Also nested within BPCA is a mandate for the NIH to sponsor research that generates data to guide the appropriate use of medicines in children for off-patent drugs important to pediatric therapeutics where there is no financial incentive for the pharmaceutical industry to fund the study. These studies, largely designed and conducted in the academic sector, are supported through the Eunice Kennedy Shriver National Institute for Child Health and Human Development (NICHD) which is subject to the NIH Revitalization Act of 1993 that addresses diversity and inclusion in federally-funded clinical research.[17] In this paper, we explored the representation of racial and ethnic minority participants enrolled in BPCA-funded pediatric studies sponsored by NICHD.

Methods

The study population reflected all participants enrolled in completed or ongoing BPCA-funded studies occurring from 2008 through June 2020 whose data are maintained with the BPCA data coordinating center. No study had inclusion/exclusion criteria that explicitly referenced race or ethnicity. The data extracted included age, race, ethnicity, study site, study protocol, and the month and year of enrollment. Studies enrolling mother-infant dyads were retained in the analysis, but those enrolling adults only were excluded. The geographic site of enrollment was identified for each participant along with reference census data for the general population in that city as derived from the U.S. census bureau, World population review, Statistics Canada, United Kingdom Office for National Statistics, Israeli local council data, and Department of Statistics Singapore.[18–23] All participating study sites, irrespective of country, were required to record race and ethnicity according to the standards laid out by the Office of Management and Budget (OMB) as used by the U.S. Census Bureau.[24] The observed racial/ethnic enrollment distribution across all studies was compared to the expected racial/ethnic enrollment distribution determined by sampling the general population at the same geographic frequency as in the BPCA-funded studies.

Racial and ethnic enrollment was examined categorically by age, sex, and, geographic region while trends in minority enrollment were estimated over the entire evaluation period. Enrollment diversity in each state was explored by calculating the Simpson’s diversity index according to D=1-[( Σ n*(n-1))/(N*(N-1))] where n represents the total number of children for each racial/ethnic subgroup and N represents the total number of children for all groups.[25] The subgroups combine each of 7 racial groups (American Indian/Alaskan Native, Asian, Black, Hawaiian/Pacific Islander, Multi-racial, Not reported/Unknown, White) with 2 ethnic groups (Hispanic, non-Hispanic) for a total of 14 groupings as recorded in each of the studies. The calculated index “D” ranges from 0–100 and represents the probability that two randomly selected individuals, from the same area, belong to a different racial or ethnic group. Thus, zero represents no diversity and 100 suggests maximal diversity.

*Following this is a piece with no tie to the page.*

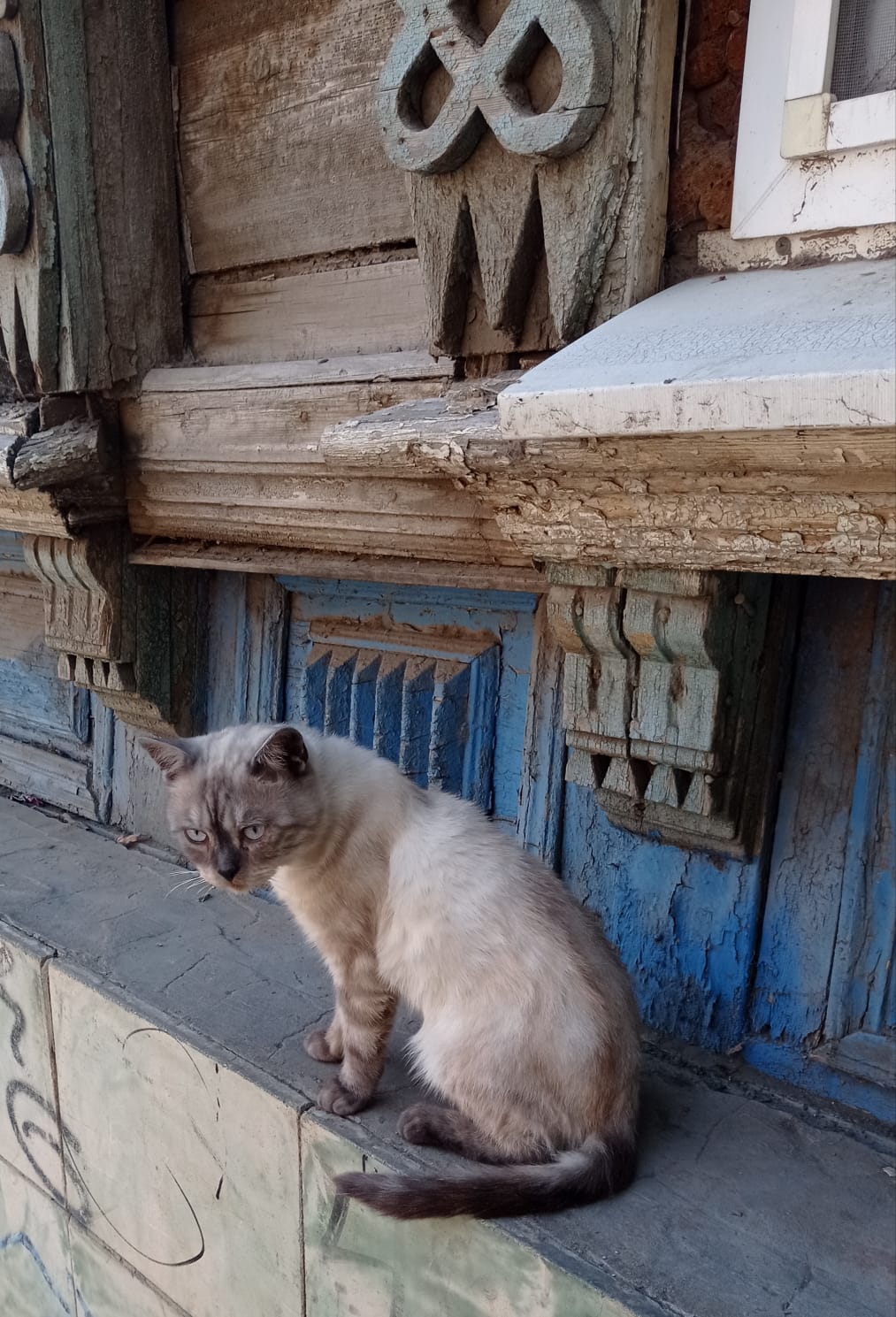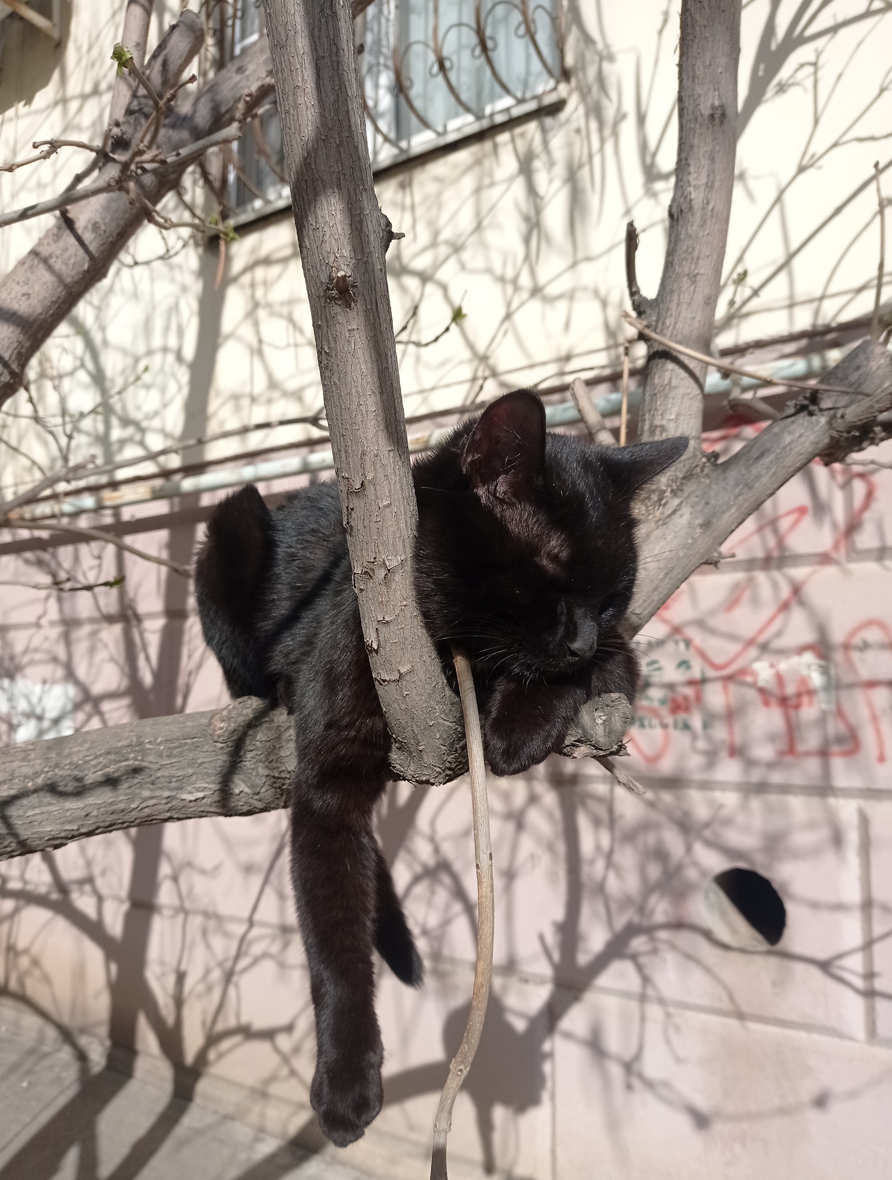 Как-то шли, увидели недовольного кота. А другой спит на дереве, главное,чтобы не упал:).

The studies from which the participants were drawn were subclassified to investigate comparisons of minority enrollment by study characteristic. Study “type” was categorized as interventional or non-interventional. The perceived burden of participating in the study for any participant (i.e. “study burden”) was classified as none, low, medium, or high; a rating reflecting the composite assignment of 3 pediatric clinician researchers, selected in a block randomized fashion from six in total. Raters evaluated each study according to their view on the burden of participation taking into consideration duration of participation, frequency of travel required for study visits, risks associated with study participation (i.e. physical, emotional, social), invasive nature of study procedures, and prospect for direct benefit. Discrepancies between raters were adjudicated by a seventh independent clinician researcher. Raters were also asked to classify (yes/no) whether they expected to see racial/ethnic biases in participant diversity for each study (e.g. “study bias”). Classification category was assigned by consensus of all raters based on peer-reviewed literature, publicly available reports, and disease-focused websites (e.g. Centers for Disease Control and Prevention, March of Dimes, NIH) that address racial/ethnic differences in disease epidemiology, healthcare utilization patterns, medication utilization, access to care, and prescriber treatment bias for the diseases under investigation.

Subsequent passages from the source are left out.